(InvestigateTV) - During Thomas Minichillo’s brief stay at a Florida nursing home, his wife and sons did not know of the facility’s poor inspection history.
“They told me it was a 5-star facility. I trusted that,” said Terri Terzini-Minichillo, Thomas’ wife of 53 years.
The family didn’t know that two months before Minichillo died with COVID-19 that state inspectors had cited Freedom Square Rehabilitation and Nursing Services for infection-related failures.
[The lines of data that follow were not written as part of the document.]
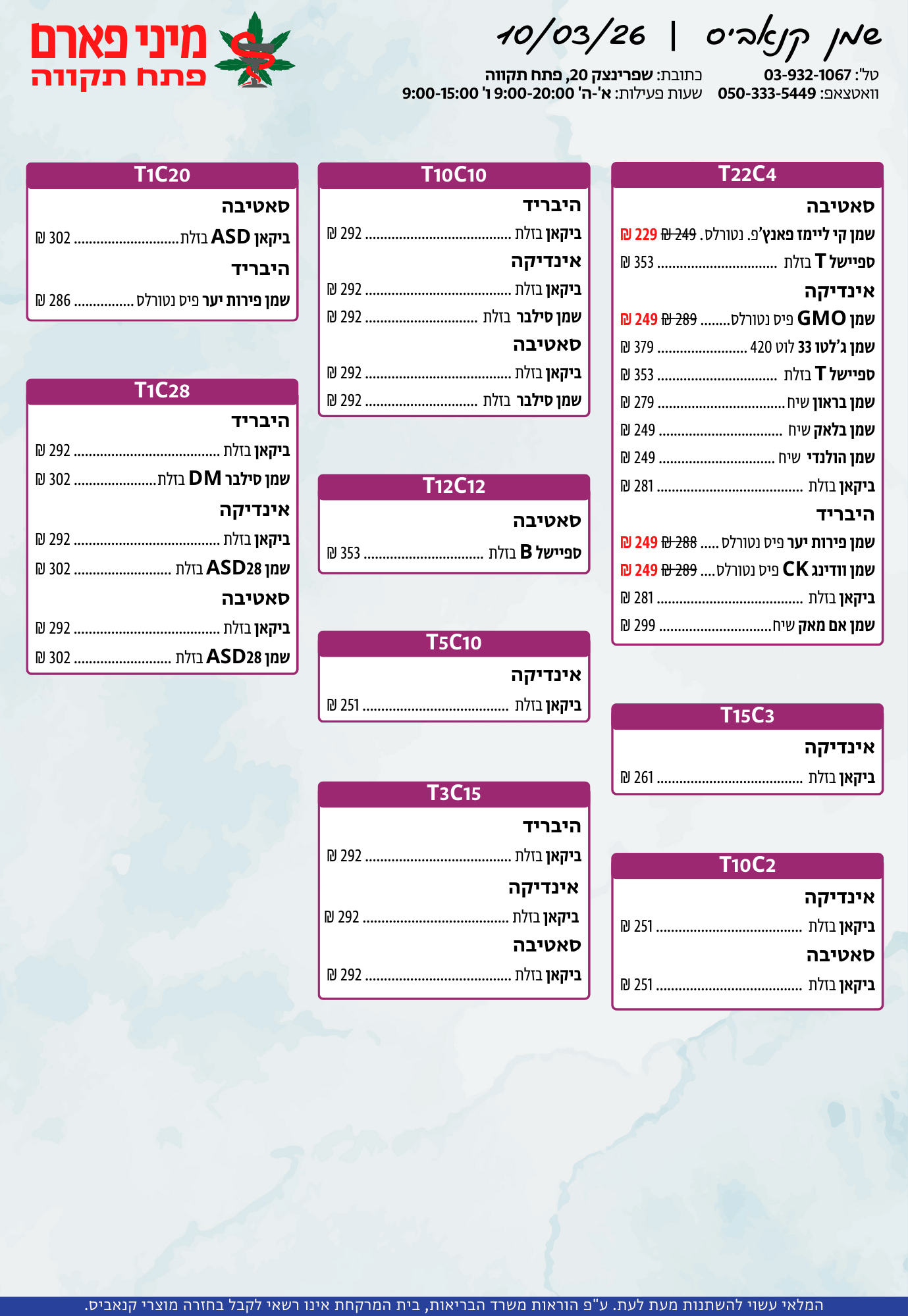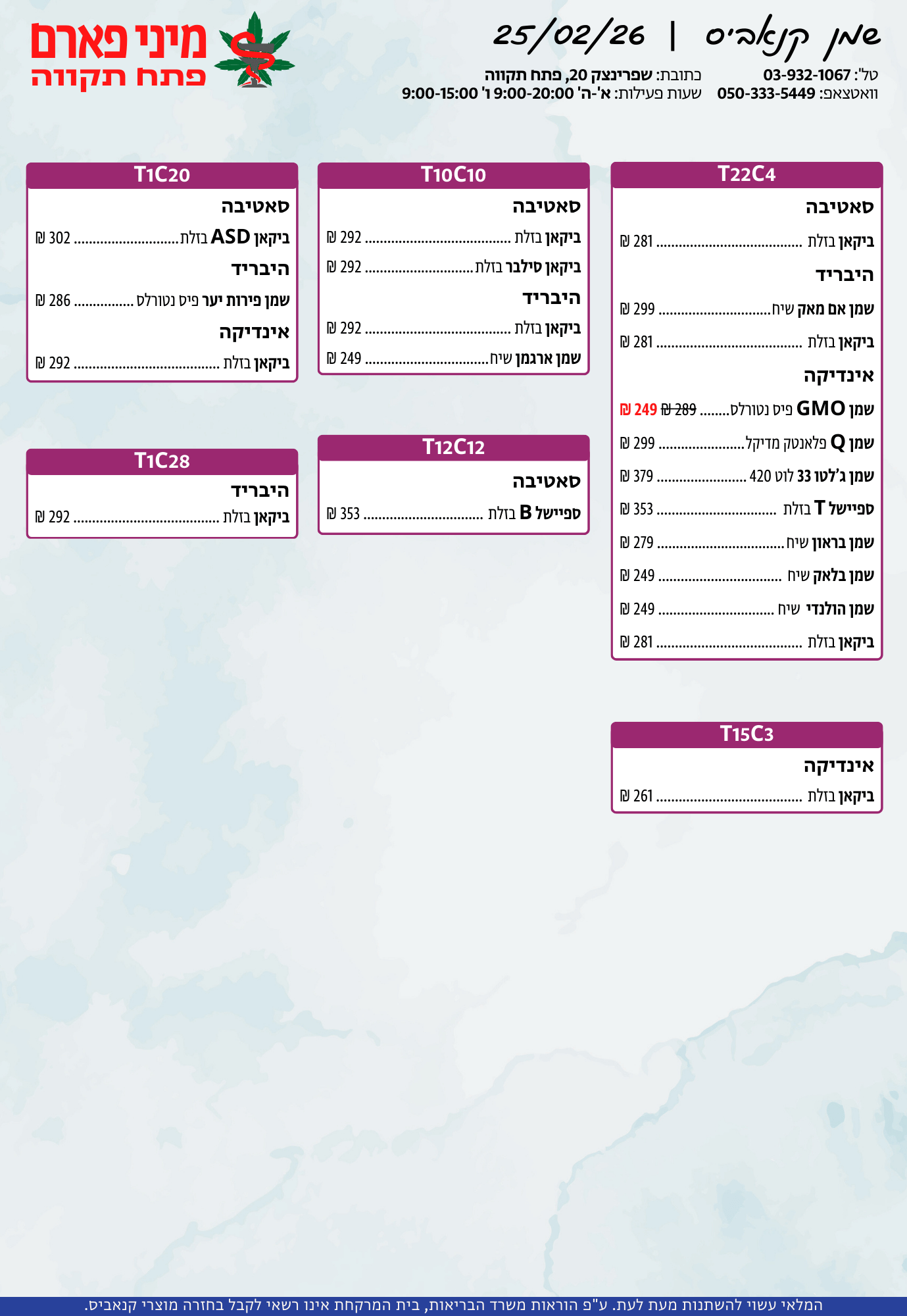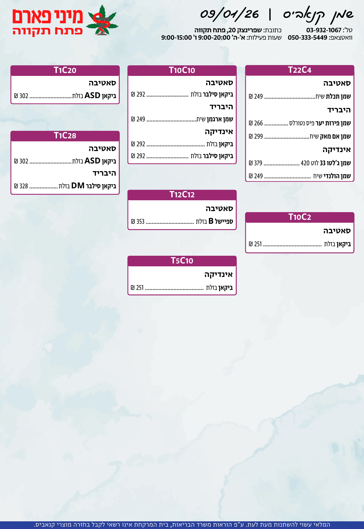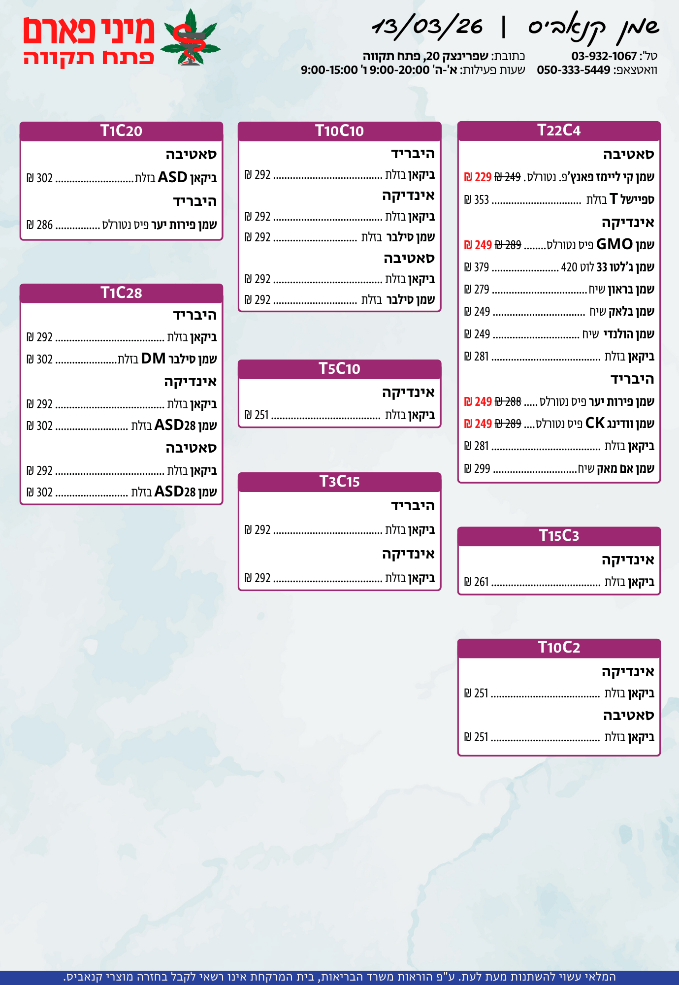 אתר זה מופעל על ידי בית מרקחת מיני פארם, רח' יוסף שפרינצק 20, פתח תקווה | רוקח אחראי: אימן נאסר – מ.ר: 5839
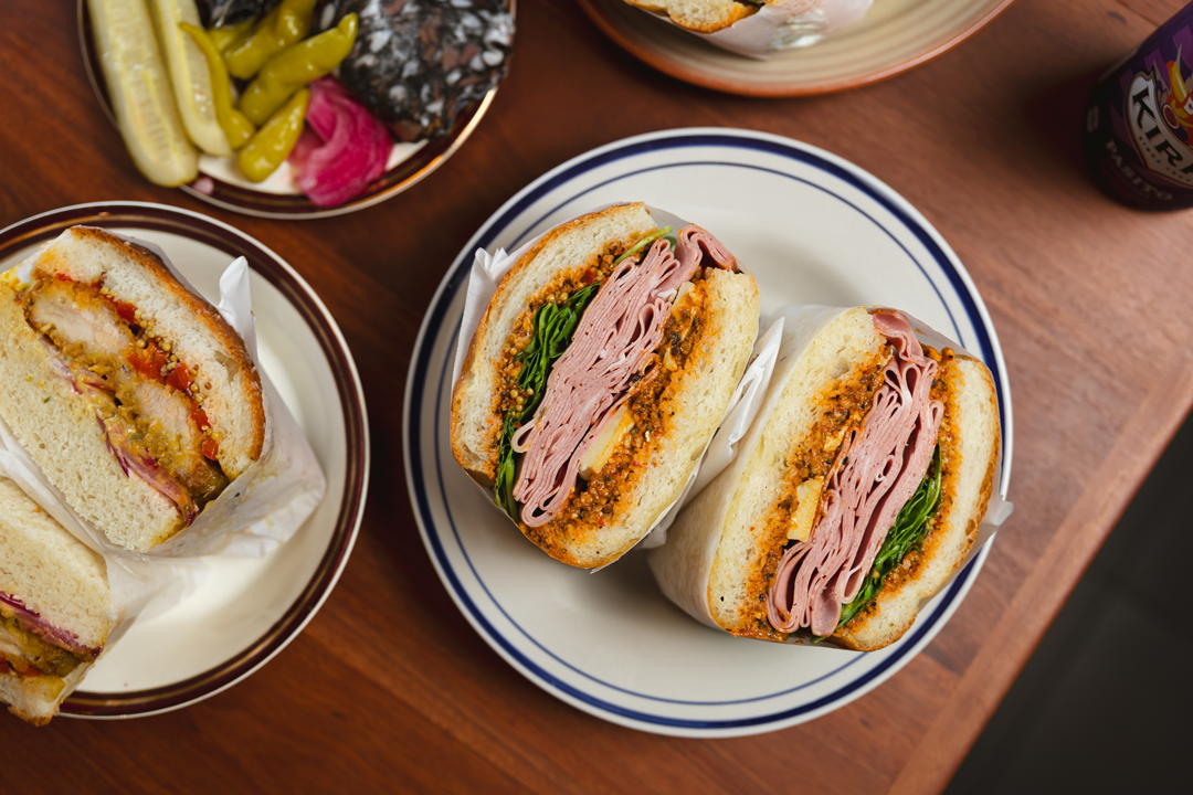 Mercatus Deli, Brisbane City: This Euro-style provisioner on Creek Street stocks a seemingly endless array of imported goods, pantry fillers as well as a stacked cabinet of fresh sandwiches and pastries. Beyond the decadent desserts (including a drool-worthy pistachio tiramisu), Mercatus serves up a delicious selection of sandwiches, fresh baguettes and scacciata (Sicilian-stuffed flatbread). A fan favourite is the mortadella scacciata (chewy flatbread with ribbons of mortadella, gooey burrata and crushed pistachio). Described as your ‘home-town deli’, Mercatus serves up a simplistic sandwich selection, jam-packed with authentic Italian flavours.
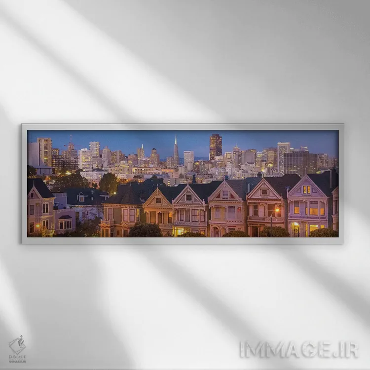 «سانفرانسیسکو، کالیفرنیا، خانههای ویکتوریایی و شهر در غروب» اثرِ «بیل باخمن» انتخابیست برای زمانی که در دکور، مثل یک امضای ظریف عمل میکند؛ برای دیوارهای گالریوار و ترکیب چند اثر انتخابی عالی است. فضا را شلوغ نمیکند؛ فقط دقیقترش میکند.
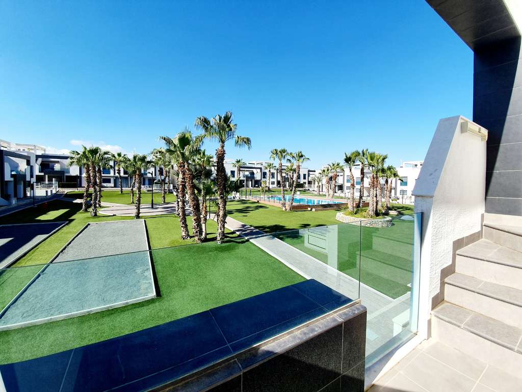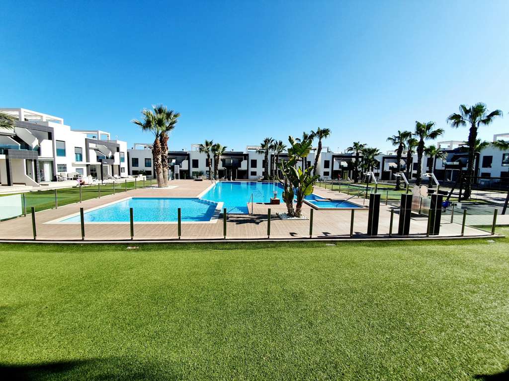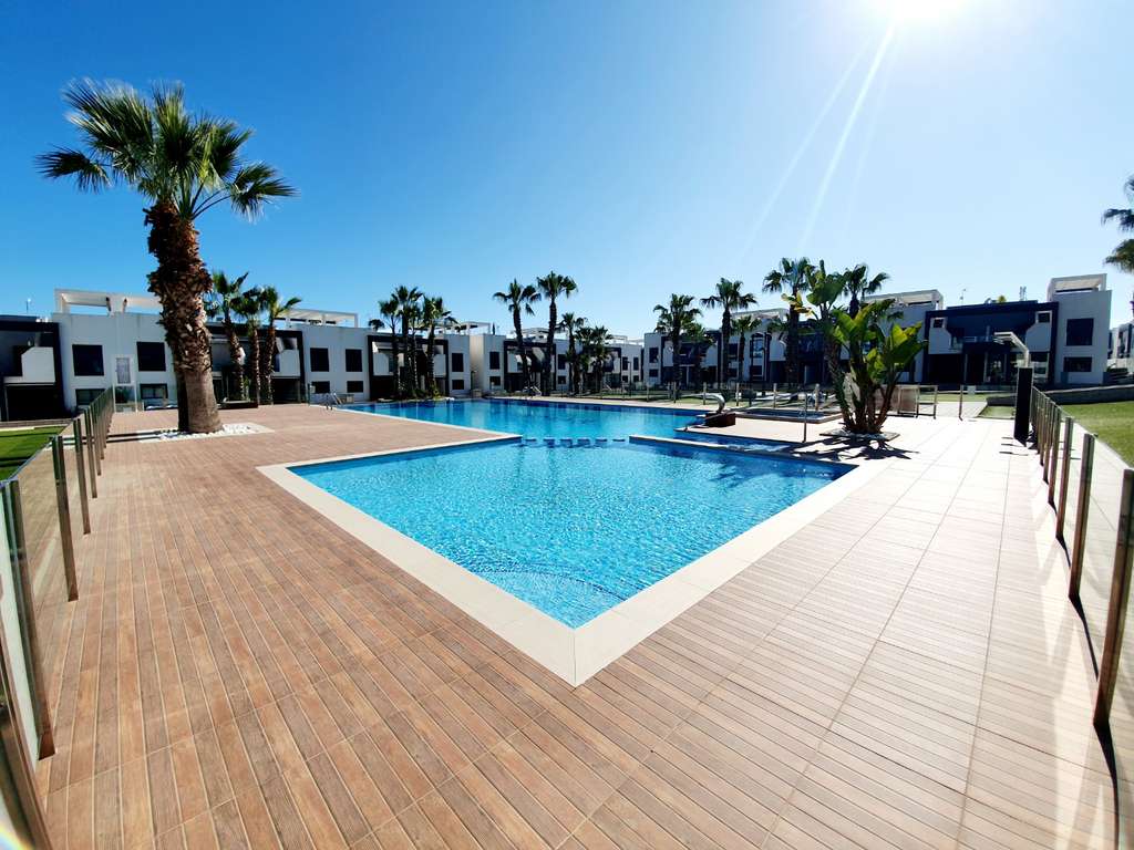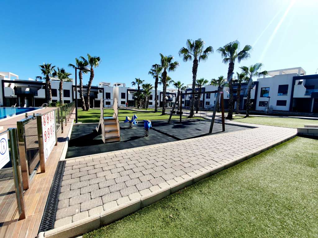 Bungalow en planta alta con solarium privado en un residencial con piscina, zonas verdes y parque infantil.
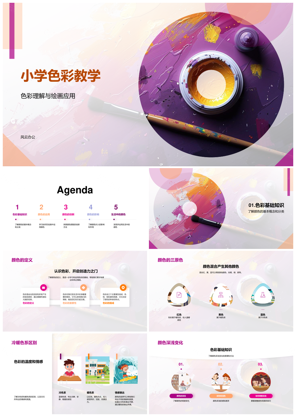 风云办公提供的小学美术色彩应用搭配理论教学PPT模板,下载格式为pptx,一共33页,作品中文字及图均可以修改和编辑,图片更改请在作品中右键图片并更换,文字修改请直接点击文字进行修改。
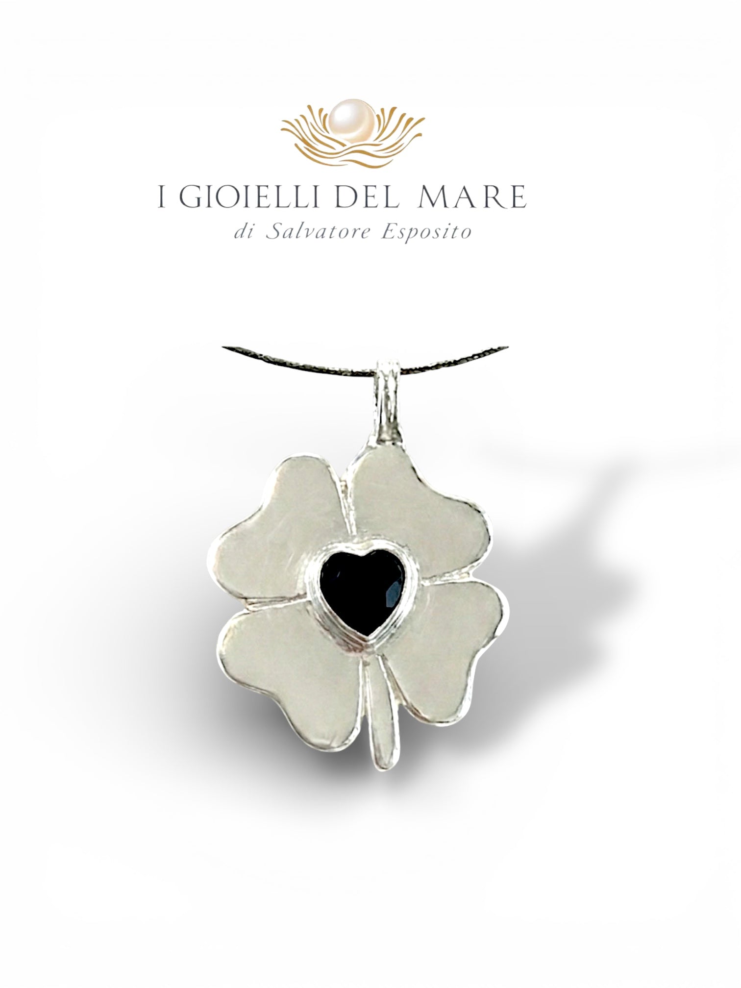 Ciondolo quadrifoglio in oro bianco ed onice (Info su richiesta)
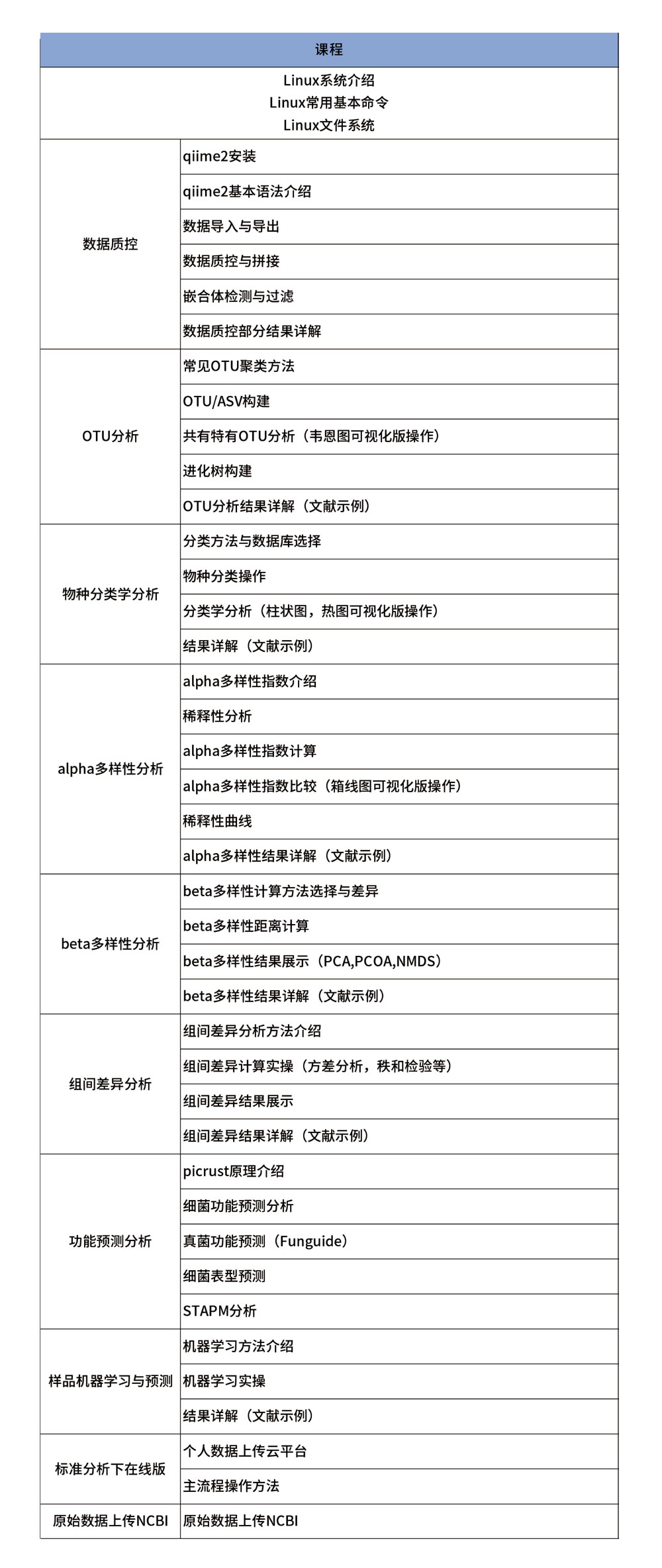本課程從IF=10及4分的SCI文章入手,從宏基因組背景介紹、實(shí)驗(yàn)(實(shí)驗(yàn)測(cè)序原理、建庫(kù)方法和流程、送樣注意事項(xiàng)等)、分析(下機(jī)數(shù)據(jù)質(zhì)控、有參注釋、無(wú)參組裝/預(yù)測(cè)/物種注釋/功能注釋等)、可視化作圖,讓您全面了解宏基因組分析每個(gè)過(guò)程,并結(jié)合案例文章,讓您了解宏基因組文章思路,助力科學(xué)研究。
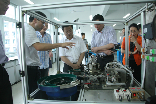 陈一新书记一行在我院党政领导班子的陪同下,首先视察了校内实训基地及科技研发大楼。视察中,我院领导向陈一新书记汇报了我院校园形态、基地建设等方面的情况。陈书记对我院的基地建设模式表示充分肯定,并对我院多年来为实行校企合作、服务地方经济社会发展所作出的努力进行了肯定。
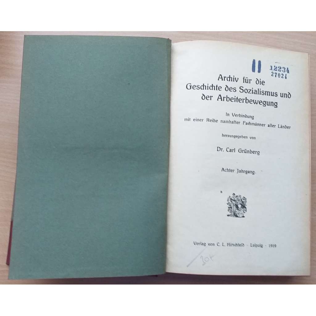 Archiv für die Geschichte des Sozialismus und der Arbeiterbewegung; Achter Jahrgang, 1919 [socialismus]
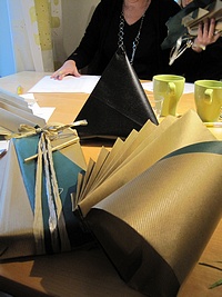 Nu har jag och Julia (som jobbar i butiken) gått en kurs här på morgonen i presentinslagning. Massa finfina tips på hur man snyggt kan göra paketen lite mer personliga. Tyvärr är pappret som vi hade här på bilderna ruskigt trist så våra stackars paket ser inte så kul ut här ;P Inspirerande nu inför julhandeln hur man med små bra knep kan göra paketen lite roligare, vi brukar alltid ha lite extra dekorationer til jul såsom glitter, små kulor, kvistar m.m just för att våra paket ska kännas lite mer personliga.
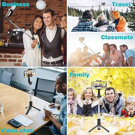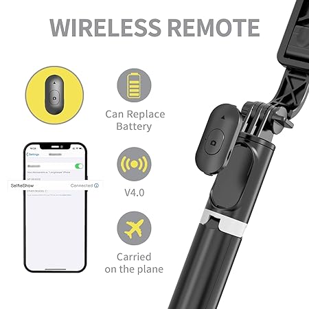 H S R1 Bluetooth Selfie Sticks with Remote, 3-in-1 Multifunctional Selfie Stick Tripod Stand Mobile Stand Compatible with All Phones (Black)
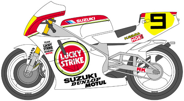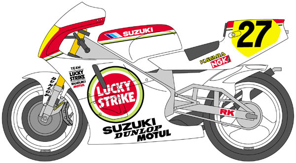 SUZUKI RGV500 1991 Team Lucky Strike SUZUKI #9 Kevin Magee #27 Niall Mackenzie #34 Kevin Schwantz |
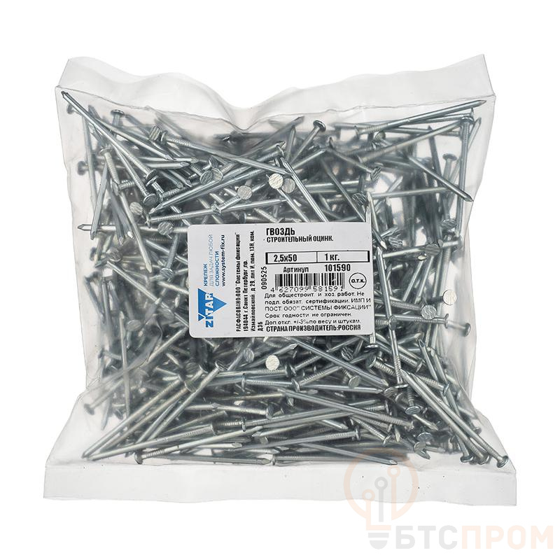Гвоздь строительный 2.5х50 мм оцинкованный от производителя Tech-Krep/Zitar – это надежный и универсальный крепеж для профессионального и бытового использования. Изделие изготовлено из качественной стали и покрыто защитным слоем цинка, что обеспечивает высокую коррозионную стойкость и значительно продлевает срок службы как самого гвоздя, так и всей конструкции.

According to the Feb. 7 report by state surveyors, staff failed to wear gowns in the room of a patient with MRSA. They failed to change one patient’s dressing every three days as ordered and left another in the same bandage for 21 days.
“I am so worried about getting a worse infection because nobody even thought to look at it until you surveyors came,” the patient told Florida inspectors, according to their Feb. 7 report.
Thomas Minichillo checked into the facility on late March with chronic pneumonia and gangrene in a leg, according to his family. On April 10, after testing positive for COVID-19 the previous day, he died.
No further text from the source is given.